Foi também a partir do ativismo negro que um projeto começou com o propósito de unir forças e discutir, entre outros temas, questões relacionadas à mulher negra. A iniciativa pulou rapidamente do campo das ideias para o de realizações para virar uma potência com foco em estimular a educação no campo da justiça. Assim começou a história do grupo Abayomi Juristas Negras, de Pernambuco, há exatamente um ano.

“Inicialmente, nos conhecemos em um evento na OAB Pernambuco no dia da mulher negra em julho de 2019. A professora universitária e procuradora federal Chiara Ramos expôs a vontade de ter amigas negras, pois sempre foi a única nos espaços em que circulava”, relembra Patrícia Oliveira, uma das oito integrantes e diretora. No coletivo, cada uma delas tem uma função específica, como captação de recursos, administração etc.

Chiara montou um grupo em uma rede social e propôs uma reunião em sua casa. Na época, explicou a vontade de criar um quilombo para unir potencialidades. “Ela também falou da dificuldade de ver mulheres negras em espaços na justiça”, relembra Patrícia. Ainda durante a reunião viram como seria importante dar nome e forma ao grupo para debater racismo e outras questões essenciais. O nome Abayomi, o mesmo da boneca, foi sugerido pela também advogada Lígia Verner. À medida que falavam sobre a iniciativa de Chiara Ramos, despertaram o interesse de outras mulheres. “Muitas se identificaram com as pautas discutidas e o grupo cresceu. Em pouco tempo, éramos mais de 30 abayomis”, relembra Débora Gonçalves.

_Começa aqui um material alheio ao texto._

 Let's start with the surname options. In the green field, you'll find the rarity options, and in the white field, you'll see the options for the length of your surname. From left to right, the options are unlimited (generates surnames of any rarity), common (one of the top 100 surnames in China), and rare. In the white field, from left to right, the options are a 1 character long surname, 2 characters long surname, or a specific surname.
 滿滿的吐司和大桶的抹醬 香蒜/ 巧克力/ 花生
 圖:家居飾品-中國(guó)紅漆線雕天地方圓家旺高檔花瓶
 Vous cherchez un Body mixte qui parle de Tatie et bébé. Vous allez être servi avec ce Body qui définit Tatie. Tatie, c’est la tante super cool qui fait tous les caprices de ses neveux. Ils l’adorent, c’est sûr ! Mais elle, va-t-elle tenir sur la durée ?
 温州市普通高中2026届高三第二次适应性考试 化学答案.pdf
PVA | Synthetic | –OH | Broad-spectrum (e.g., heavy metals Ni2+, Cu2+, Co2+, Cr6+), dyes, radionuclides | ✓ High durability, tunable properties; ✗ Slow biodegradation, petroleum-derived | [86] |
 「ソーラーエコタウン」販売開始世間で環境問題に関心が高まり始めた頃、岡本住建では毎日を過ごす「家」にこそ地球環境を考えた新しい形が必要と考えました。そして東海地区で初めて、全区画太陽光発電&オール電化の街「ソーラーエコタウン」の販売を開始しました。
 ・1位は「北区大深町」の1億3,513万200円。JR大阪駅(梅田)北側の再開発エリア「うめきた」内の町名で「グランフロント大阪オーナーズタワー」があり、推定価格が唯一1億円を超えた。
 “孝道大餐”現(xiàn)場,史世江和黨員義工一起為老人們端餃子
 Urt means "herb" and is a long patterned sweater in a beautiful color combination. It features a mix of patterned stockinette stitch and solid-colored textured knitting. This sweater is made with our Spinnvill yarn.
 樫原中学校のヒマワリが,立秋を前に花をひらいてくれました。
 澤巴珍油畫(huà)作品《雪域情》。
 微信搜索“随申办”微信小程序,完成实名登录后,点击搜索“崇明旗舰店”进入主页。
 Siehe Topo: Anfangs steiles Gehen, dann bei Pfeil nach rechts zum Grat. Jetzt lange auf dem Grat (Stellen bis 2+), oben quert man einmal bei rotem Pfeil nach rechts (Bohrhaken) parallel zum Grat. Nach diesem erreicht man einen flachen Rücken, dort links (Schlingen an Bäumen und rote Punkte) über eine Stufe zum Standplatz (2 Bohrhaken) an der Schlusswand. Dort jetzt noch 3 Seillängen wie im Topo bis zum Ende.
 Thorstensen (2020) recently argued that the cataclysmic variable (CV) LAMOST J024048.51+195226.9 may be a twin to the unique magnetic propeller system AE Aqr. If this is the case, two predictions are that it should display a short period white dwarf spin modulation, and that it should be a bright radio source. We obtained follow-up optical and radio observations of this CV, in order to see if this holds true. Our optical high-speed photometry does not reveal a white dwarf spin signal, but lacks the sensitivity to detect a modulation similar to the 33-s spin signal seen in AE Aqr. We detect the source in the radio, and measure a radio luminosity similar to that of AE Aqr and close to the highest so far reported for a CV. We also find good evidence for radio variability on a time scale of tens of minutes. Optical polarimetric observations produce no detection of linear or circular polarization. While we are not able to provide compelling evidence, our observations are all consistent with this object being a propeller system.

Abayomi Juristas Negras – Pernambuco

Poucos dias depois da criação do coletivo – que tem como propósito o afroempreendedorismo social para combater o racismo estrutural por meio da capacitação e inclusão da população negra em espaços de poder e saber, com foco na ocupação de cargos nos órgãos que compõem o Sistema de Justiça Brasileiro –, surgiu a chance de participar do edital do Programa de Aceleração do Desenvolvimento de Lideranças Femininas Negras: Marielle Franco, iniciativa do Fundo Baobá em parceria com Instituto Ibirapitanga, Fundação Ford, Open Society Foundations e Fundação Kellogg.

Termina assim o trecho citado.